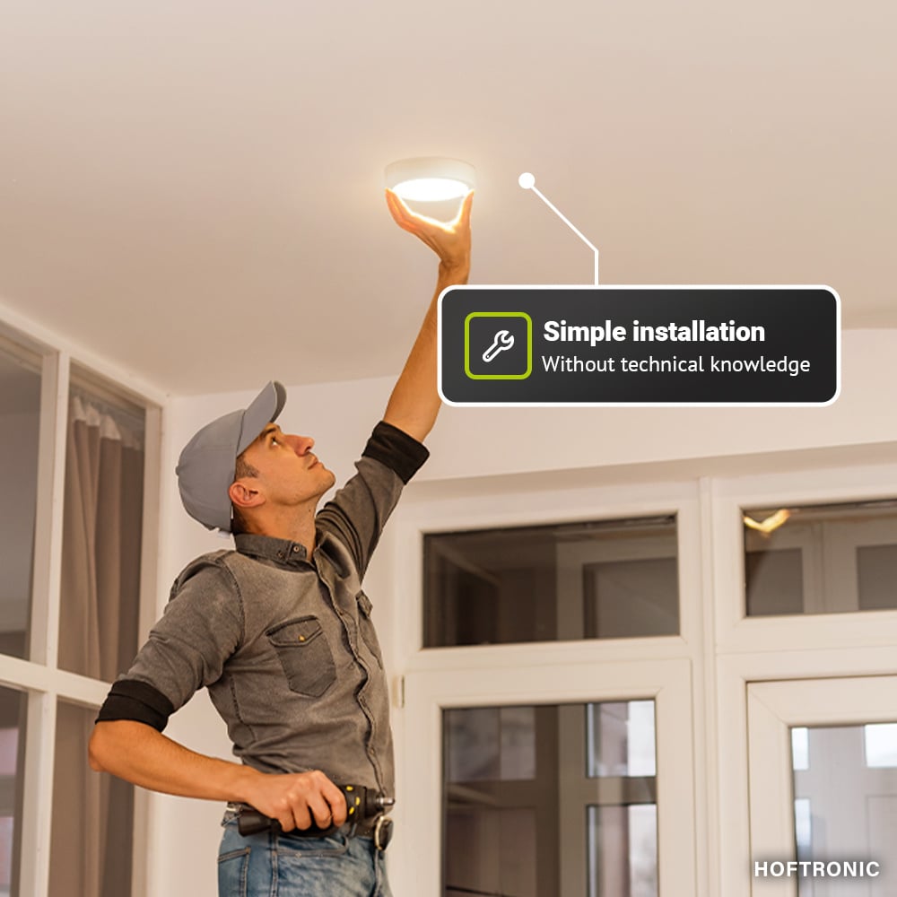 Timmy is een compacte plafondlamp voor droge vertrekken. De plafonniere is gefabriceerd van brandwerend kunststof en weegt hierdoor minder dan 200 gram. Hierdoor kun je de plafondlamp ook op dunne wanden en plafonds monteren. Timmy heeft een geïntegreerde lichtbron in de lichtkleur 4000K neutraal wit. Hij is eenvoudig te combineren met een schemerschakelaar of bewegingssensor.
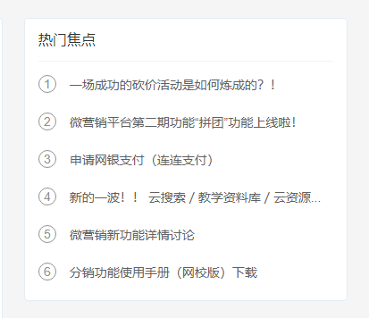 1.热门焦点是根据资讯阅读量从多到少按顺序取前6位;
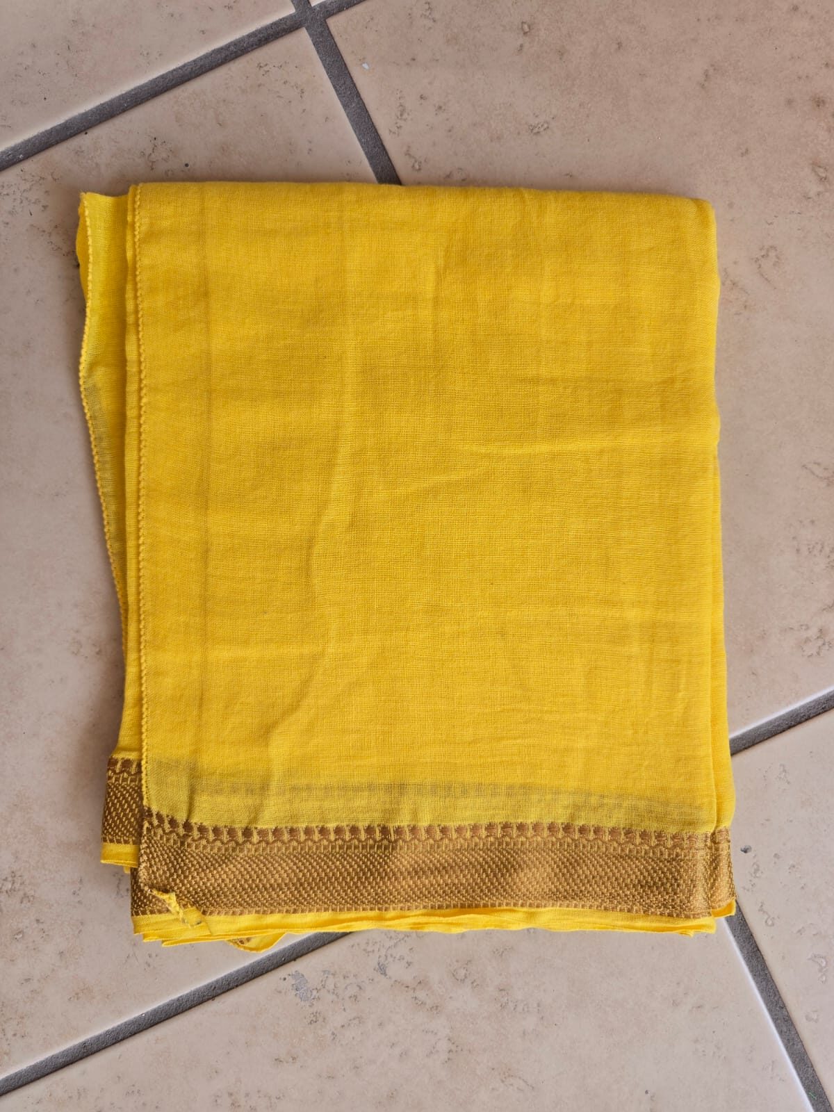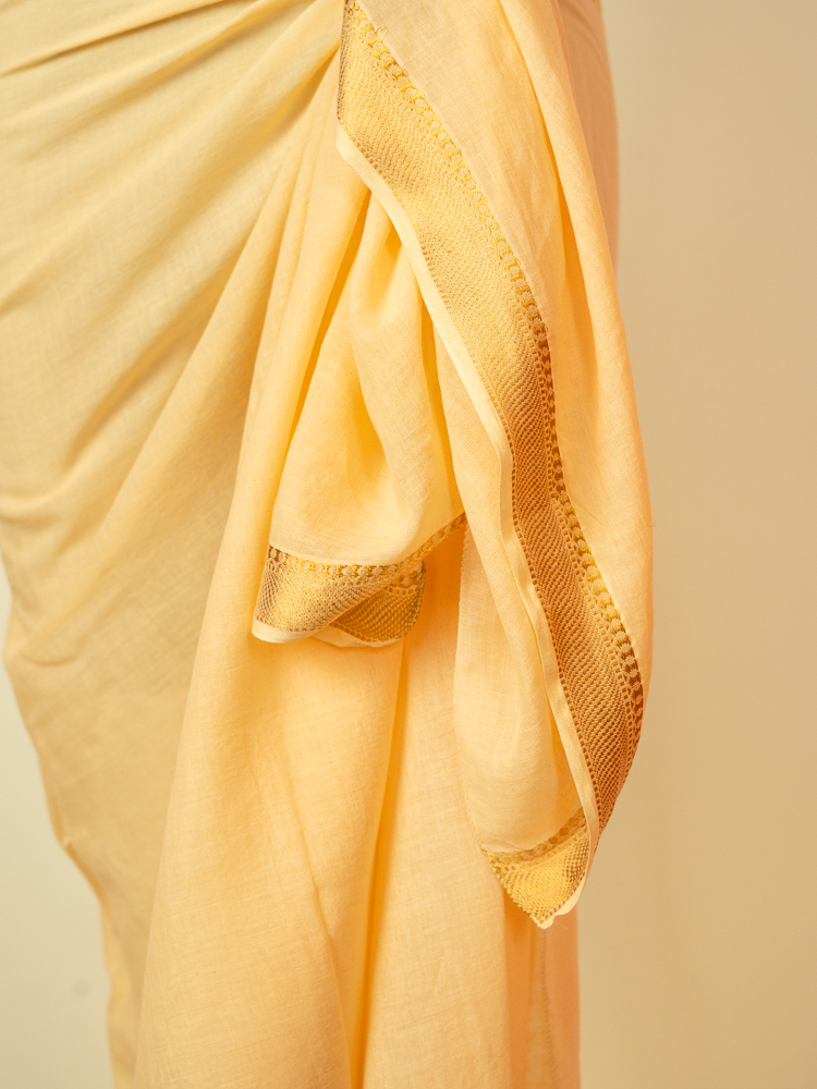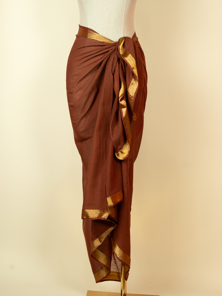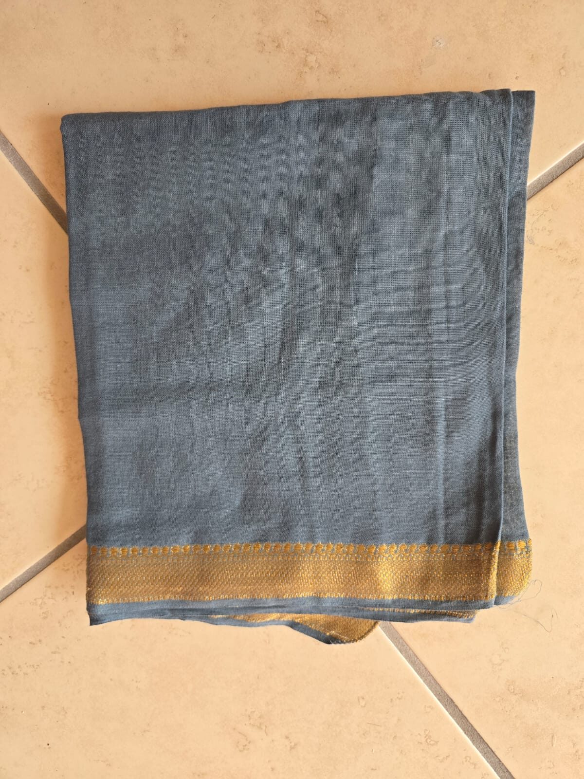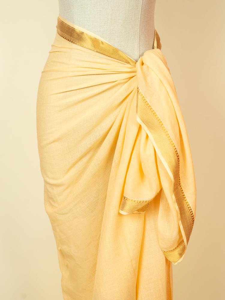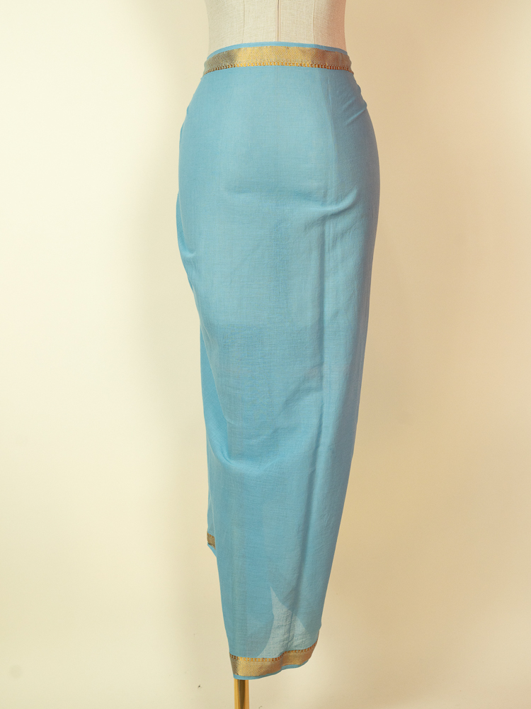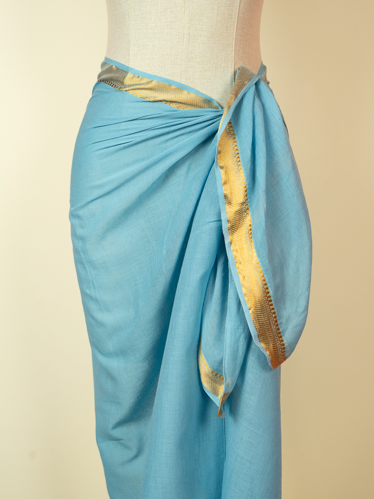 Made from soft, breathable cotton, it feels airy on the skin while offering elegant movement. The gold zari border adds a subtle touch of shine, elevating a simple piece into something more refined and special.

▸ **Work order**
Every line of the material must be returned verbatim, and pictures must be left behind.

▸ **Solution for this task**
 Timmy is een compacte plafondlamp voor droge vertrekken. De plafonniere is gefabriceerd van brandwerend kunststof en weegt hierdoor minder dan 200 gram. Hierdoor kun je de plafondlamp ook op dunne wanden en plafonds monteren. Timmy heeft een geïntegreerde lichtbron in de lichtkleur 4000K neutraal wit. Hij is eenvoudig te combineren met een schemerschakelaar of bewegingssensor.
 1.热门焦点是根据资讯阅读量从多到少按顺序取前6位;
 Made from soft, breathable cotton, it feels airy on the skin while offering elegant movement. The gold zari border adds a subtle touch of shine, elevating a simple piece into something more refined and special.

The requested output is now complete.